H-1B visas allow foreigners to work in the United States. The visas are temporary, are good for up to six years and can lead to a green card if an employer sponsors the worker. Businesses maintain they are important for bringing needed skills that cannot be found in the U.S. and are necessary because waits for green cards, which provide legal residency, are too long.

“In addition to being required to pay professionals on H-1B visas the same wage as a comparable U.S. worker, the H1-B fees, the legal costs, the staff time and the uncertainty of the immigration process demonstrate the employers really need these individuals and they’re complementing the U.S. work force rather than taking jobs from U.S. workers,” said Stuart Anderson, the foundation’s executive director.

The organization’s report was issued before a House subcommittee’s hearing Thursday on the H1-B visas. It is one in a series that the subcommittee has had about immigration as Republicans in the House majority try to build support for tougher immigration enforcement amid the slumping U.S. economy and continued high unemployment rates.

Rep. Elton Gallegly, chairman of the House Judiciary Committee’s immigration enforcement and policy subcommittee, said he wanted to be sure H-1B visas are being awarded to the best and brightest foreign workers. He said there is great dispute over whether there are enough safeguards in place to make sure employers are paying foreign workers sufficiently to protect American workers’ jobs.

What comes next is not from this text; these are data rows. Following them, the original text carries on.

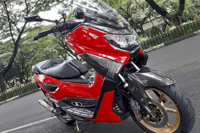 Aura racy semakin kuat dengan warna merah Ferari pada bagian body halus Yamaha NMAX modifikasi ini.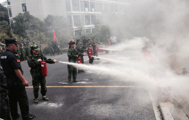为提高新生对火灾的防控能力和对突发事件的应变能力,学会正确使用灭火器和各类消防器材,学校在2015级学生军训期间组织开展了一次消防实战演习活动。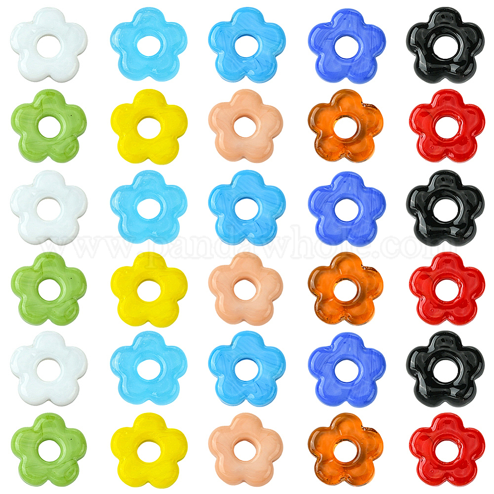 30 бусины лэмпворк ручной работы, цветок (034HGR)

“Theoretically, if an employer hired a H-1B worker and then paid them much lower than what an American worker would make, the fees would be trivial,” Gallegly said before the hearing.

Other hearings have covered the need for a system that can check whether a person is working legally in the U.S.; the Obama administration’s preference for auditing employers who hire illegal immigrants rather than conducting more expensive raids; and whether immigrants are taking jobs from American minorities.

According to Anderson’s report, businesses that use visas have paid $2.3 billion in scholarship/work training fees and more than $700 million in anti-fraud fees. They also pay visa adjudication fees, and can pay fees to get visas processed more efficiently, legal fees and costs associated with paperwork for the dependent family of the worker.

H-1Bs have been criticized as allowing employers to replace American workers with cheaper employees. Thursday’s hearing was expected to include discussion of fraud problems in the H-1B program.

The issue is not divided along partisan lines. Sen. Dick Durbin, the Senate’s No. 2 Democrat, has teamed up with Sen. Charles Grassley, R-Iowa, on legislation seeking to tighten restrictions on H-1Bs.

The districts of House Judiciary Committee Chairman Lamar Smith, R-Texas, and Gallegly, R-Calif., are home to high-tech companies. The industry has lobbied heavily for limiting restrictions on H-1B visas and increasing the numbers available.